Revised Research Question. After conducting the literature search and reviewing the retrieved citations, it was apparent that there were no published studies examining the impact of EMRs on patient morbidity and mortality. We felt that pursuing a systematic review of papers evaluating the impact of EMR systems on surrogate outcomes that have been clearly linked with changes in morbidity and mortality11 would still be of value to primary care physicians. An example of a paper involving such an outcome would be one examining the impact of an EMR system on the rate of screening mammography in women age 50-69.12
All retrieved citations, including abstracts when available, were reviewed independently by each author. For papers in which a difference of opinion or uncertainty on the part of either reviewer existed, final consensus was reached by joint review and discussion. Relevant citations from the reference lists of reviewed papers that were not retrieved in the MEDLINE searches were also requested and reviewed.
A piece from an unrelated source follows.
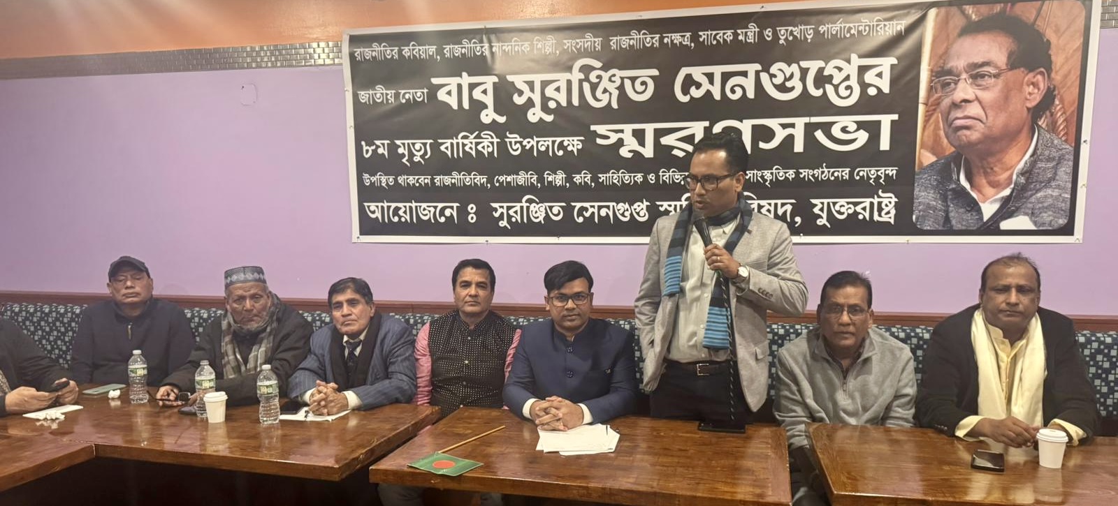 সুরঞ্জিত সেনগুপ্ত স্মৃতি পরিষদের সভাপতি রুহেল চৌধুরীর সভাপতিত্বে এবং সংগঠনের সাধারণ সম্পাদক সুব্রত তালুকদারের পরিচালনায় অনুষ্ঠিত সভায় প্রধান আলোচক ছিলেন সুরঞ্জিত সেনগুপ্ত স্মৃতি পরিষদের প্রধান উপদেষ্টা ও দিরাই উপজেলা আওয়ামী লীগের সাবেক সভাপতি তোফায়েল চৌধুরী। বিশেষ অতিথি ছিলেন মূলধারার রাজনীতিক ডক্টর দিলীপ নাথ।অন্যদের মধ্যে বক্তব্য রাখেন নিউইয়র্ক স্টেট আওয়ামী লীগের সাধারণ সম্পাদক শাহিন আজমল, বিশিষ্ট সাংবাদিক সিতাংশু গুহ, কবি ফকির ইলিয়াস, টেক্সাস আওয়ামী লীগের সাধারণ সম্পাদক রহিম নেহাল, টাইম টেলিভিশনের সিইও আবু তাহের, বিশিষ্ট সাংবাদিক মাহবুবুর রহমান, পার্ক ভিউ মেডিকেল কলেজের পরিচালক দেবাশীষ দে , যুক্তরাষ্ট্র আওয়ামী লীগ নেতা আক্তার হোসেন, দিলীপ দে,ঝিলাম চৌধুরী, বঙ্গবন্ধু সাংস্কৃতিক জোট যুক্তরাষ্ট্রের আহ্বায়ক কাজল মাহমুদ, বিশিষ্ট সংগীত শিল্পী বাপ্পি সোম,ফোবানা কেন্দ্রীয় কমিটির যুগ্ম সাধারণ সম্পাদক আমিনুল ইসলাম কলিন্স, কবি ফারহানা ইলিয়াস তুলি, গৌতম দে,নুপুর দে, বিজু পুরকায়স্থ,বিপ্লব পাল, অমিত জী বাণিয়া, বাবুল চন্দ, জাকির চৌধুরী,সুমন মাহমুদ, তৌকির হোসেন প্রমুখ।

Quality Assessment. We assessed the quality of included reports using the scale outlined in Table 1. However, given the preliminary nature of research regarding the clinical impact of EMRs, we used only the absence of a control group as a criterion for article exclusion. Of the 3 elements of our scale that were based on the instrument developed by Jadad et al13 (randomization, blinding, and treatment of withdrawals), 2 were modified so as to be more applicable to EMR intervention studies. Double blinding, which would require blinding of study physicians to EMR interventions, would not be feasible. However, single blinding of outcome assessment would be desirable and was included as a scoring element. In regard to withdrawals and dropouts, both physicians and their patients were considered subjects in several EMR studies (eg, both provider compliance rates with screening recommendations and patient follow-up rates following provider recommendations were outcomes). In these cases, the number and reasons for withdrawal of subjects (providers and, when applicable, patients) had to be stated or no points could be assigned. Finally, in addition to adding a control group element to Jadad’s original scale, we also added an element concerning measures taken to minimize simultaneous and potentially confounding interventions. We felt this was important, since initiatives such as clinic educational seminars could confound the results of an EMR intervention trial even in the presence of randomized, controlled clinic group assignment.
Results
Our search strategy retrieved a total of 406 citations. Three-hundred eight citations were not relevant to our study subject and were rejected without further review, leaving 98 articles requiring retrieval and detailed review (a full listing of these articles is available upon request). After independent review of each, followed by joint discussion for several articles that were initially in dispute, a total of 16 articles containing data that was not duplicated in any other reports met our inclusion criteria. Following are the EMR systems that studied in those 16 papers included in our final systematic review. (Table 2 presents the full list and details of the complete EMRs, and Table 3 presents the hybrid EMRs included in our study.)
Studies of Complete EMRs
Computer-Stored Ambulatory Record. The Computer-Stored Ambulatory Record (COSTAR) was developed in the early 1970s at Massachusetts General Hospital.6 In COSTAR, all clinical data collected by any provider is recorded on a paper encounter form and later entered into the computer system by support personnel. For each study, the clinical information of interest was retrieved from the EMR using a system-specific query language. Subsequently, COSTAR was used to generate printed reminder sheets for providers, prompting them to either complete problem-specific tasks noted as incomplete in the EMR query or to indicate why they had not been accomplished (eg, patient refusal). In earlier studies,14-17 the printed reminder was not linked to a patient encounter, while in the most recent study18 the printed reminder was provided at the time of the next encounter with the patient.
Several studies employed a sequential design, with subjects serving as their own historical controls.14-16 All general internists’ compliance with tasks was measured at baseline, then during a period when printed reminders were provided, and then again after the intervention was discontinued. Using this approach, they achieved an improved rate of antibiotic treatment in response to Group A b-hemolytic Streptococcus-positive throat culture.16 While the authors did not report exact rates, approximately 10% of patients with positive throat cultures had no documentation of antibiotic treatment in their computerized records at baseline. This rate declined to approximately 5% during the reminder intervention, and then rapidly returned to the baseline rate when the intervention was discontinued. In 2 similarly designed studies, general internists’ rates of compliance with institutionally determined lithium carbonate prescribing standards15 and syphilis quality-of-care standards14 showed significant improvement during the reminder period. In the syphilis study, providers’ mean global syphilis care scores (maximum score = 100) improved from 72.7 at baseline to 90.5 (P < 0.05 by Mann-Whitney test) during the reminder period but had dropped to 86.2 3 months after the end of the reminder period.